In SCVI, custom dataloaders allow you to create a tailored data pipeline that can handle unique formats or complex datasets not covered by the default loaders. A custom dataloader can be useful when you have a specific structure for your data or need to preprocess it in a particular way before feeding it into the model to gain some advantage.

For example, we offer custom dataloaders that do not necessarily store the data on memory while training, thus enable us to expand the sizes of dataset that we can train our models based on while not being limited by the amount of memory that we have. Without dataloader large data can be on disk but inefficient. We increase efficiency for data on disk and enable data on cloud storage.

In SCVI, we work with several collaborators to construct efficient custom dataloaders:

lamin.ai custom dataloader is based on scvi.dataloaders.MappedCollectionDataModule and can run a collection of adata based on lamindb backend.

LamindDB is a key-value store designed specifically for machine learning, particularly focusing on making it easier to manage large-scale training datasets.

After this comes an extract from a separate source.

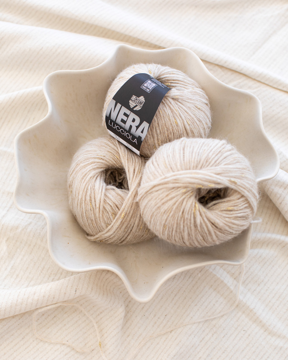 Lana Grossa Lucciola ist ein feines, glitzerndes Garn, das jedem Strickprojekt eine elegante Note verleiht. Durch den zarten Glanzfaden entstehen lebendige Effekte, die besonders bei Schals, Tüchern oder festlichen Oberteilen zur Geltung kommen. Leicht und angenehm zu verarbeiten – perfekt für moderne, edle Maschenlooks mit einem Hauch Glamour.
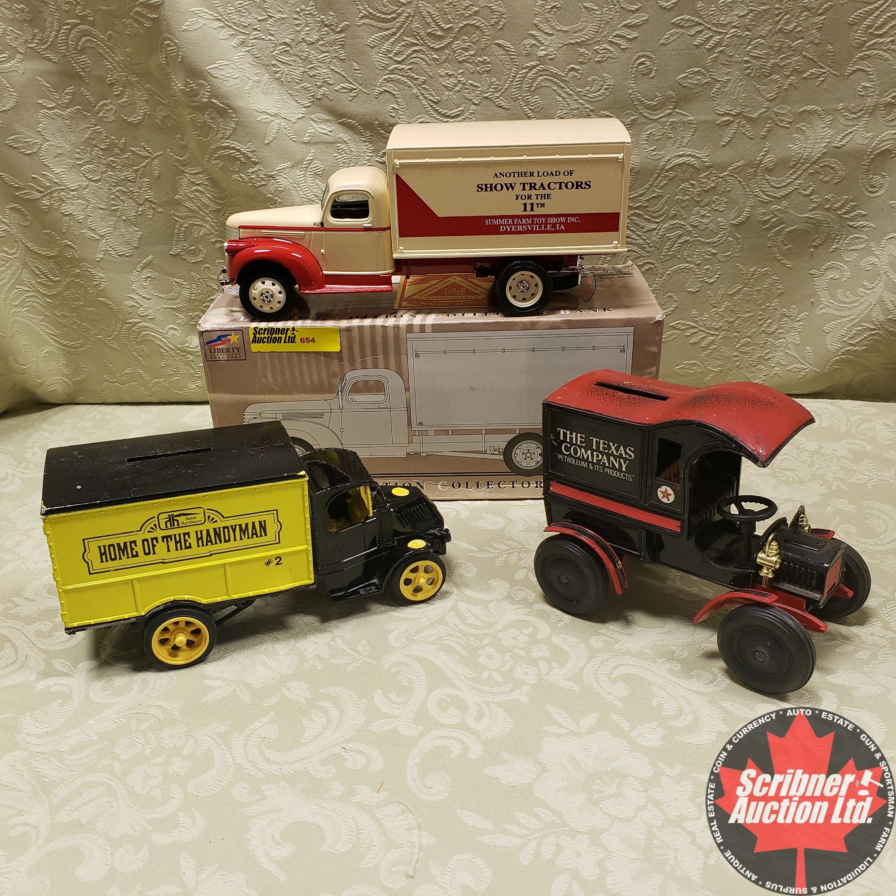 Truck Banks (3) : Limited Edition 1942 Chev; Limited Edition 1926 Mac; 1905 Ford Delivery Car

It is optimized for storing and querying tabular data, providing fast read and write access. LamindDB’s design allows for efficient handling of large datasets with a focus on machine learning workflows, such as those used in SCVI.

Pros:

Fast Retrieval: LamindDB provides fast access to tabular data, which can be beneficial for training large machine learning models like SCVI on single-cell RNA-seq data.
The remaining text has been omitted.